Now we’re in our fifties, Cousy and I might only catch up a couple of times a year, but she is the one I ring if I need advice – in my twenties about health dramas, and more recently about my ageing father, her uncle. When we get together, it’s like soaking in a warm bath: she’s funny and wise, and being with her feels safe and easy.

Just as I thought everyone had lots of cousins, I also expected they were special like Cousy and some of my other cousins. But Professor Paul Spoonley, a Massey University demographer, tells me that cousins can be besties and they can be strangers. They can live around the corner and you don’t know them, or they can live far away and you regularly gather for fun and festive times you never forget.

Sarah Catherall (centre right) with her sister Jane (centre left), Cousy,/Rose (second left) and some of her other cousins.

Older cousins guide younger ones; city cousins swoop in and share their worlds with rural cousins. What they share are family members, and possibly values. “If cousins are geographically close and accessible, there’s a very different dynamic. Not quite siblings, not quite friends. They occupy a very interesting role.’’

Cousin data is lax in New Zealand, but he thinks we’re similar to Canada, where a study looked at family structures during the 1950s baby boom, when a typical 35-year-old woman had 20 living cousins. By 2095, the same study predicts a 35-year-old Canadian woman will only have five cousins. The fertility decline and the fact women often only have one child mean the cousin pool is shrinking, he tells me.

Growing up with grandparents

In Pākehā and Asian families, our family trees will increasingly change shape over the next decades. Some children will have few cousins, aunts and uncles – and possibly none at all - but they’ll grow up with grandparents and probably great-grandparents.
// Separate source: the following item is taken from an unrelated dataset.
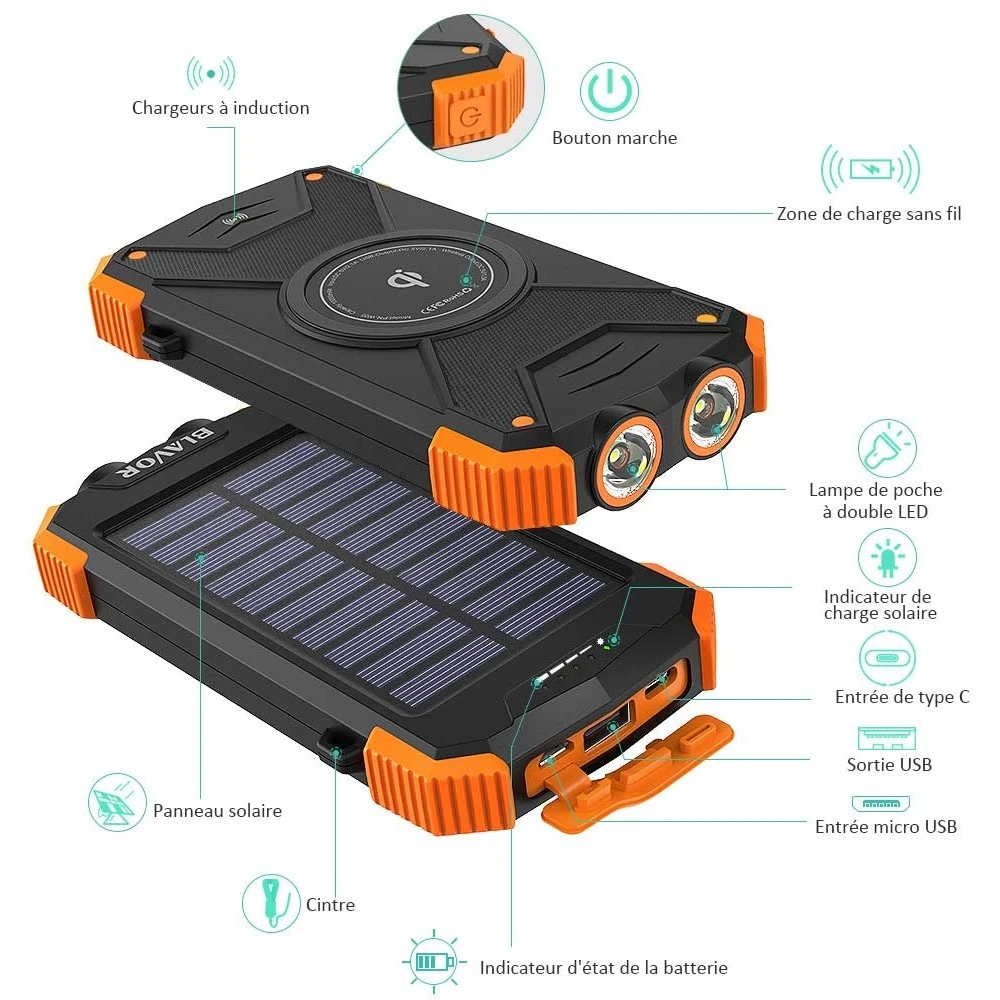 Découvrez notre batterie à rechargement solaire, conçue pour répondre à tous vos besoins en énergie lors de vos aventures en extérieur. Avec plus de dix ans d’expertise dans la conception de chargeurs solaires portables, nous avons su gagner la confiance de millions d’utilisateurs à travers le monde. Voici les principales caractéristiques de ce produit innovant et fiable :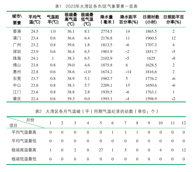 《氣候公報》顯示,與常年(1991-2020年的統計值)相比,2023年大灣區各地氣溫一致偏高,全年平均氣溫23.3℃,平均最高氣溫38.2℃,均為歷史第二高。

Māori (1.97 children per woman) and Pasifika (2.03) birth rates aren’t dropping at the same rate, and they’re more likely to have traditional family structures peppered with cousins, aunts and uncles. In Māori families, children often grow up with their cousins, like Taika Waititi who once said fellow filmmaker Tweedie Waititi was more like a sibling than a cousin.

In my world, I had more cousins than most of my friends but Clare Bowden, the owner of Mandatory Clothing, was also born in 1969, and the poor thing grew up without a single cousin. Her parents were born in the late 1920s and they were both only children which was rare at the time. When they married, they resolved to have a big family, and she is the youngest of six, born when her mother was 40.

Clare Bowden

Her family lived rurally, in Tutukaka, near Whangārei, and one of Clare’s memories is of the summer holidays when her school friends and rural neighbours had cousins visiting from the city. She felt like she was missing out. She also missed out having aunts and uncles – another joy in my life, as I love mine.

“The houses we loved to visit filled up with people who knew them well. We were on our own with mum and dad and grandparents, in our tiered age range. Cousins of similar ages looked a lot of fun,’’ she says.

Cousins are fun, and I’m a huge fan of big family events, where the only thing that really matters is the company: who cares what food and drink is served, or whether someone’s living room has been vacuumed.

I’m a bit sad that over the decades, cousins – along with aunts and uncles - might become a rare species.

Sarah Catherall lives in Wellington and is the author of How to Break Up Well: Surviving and Thriving After Separation.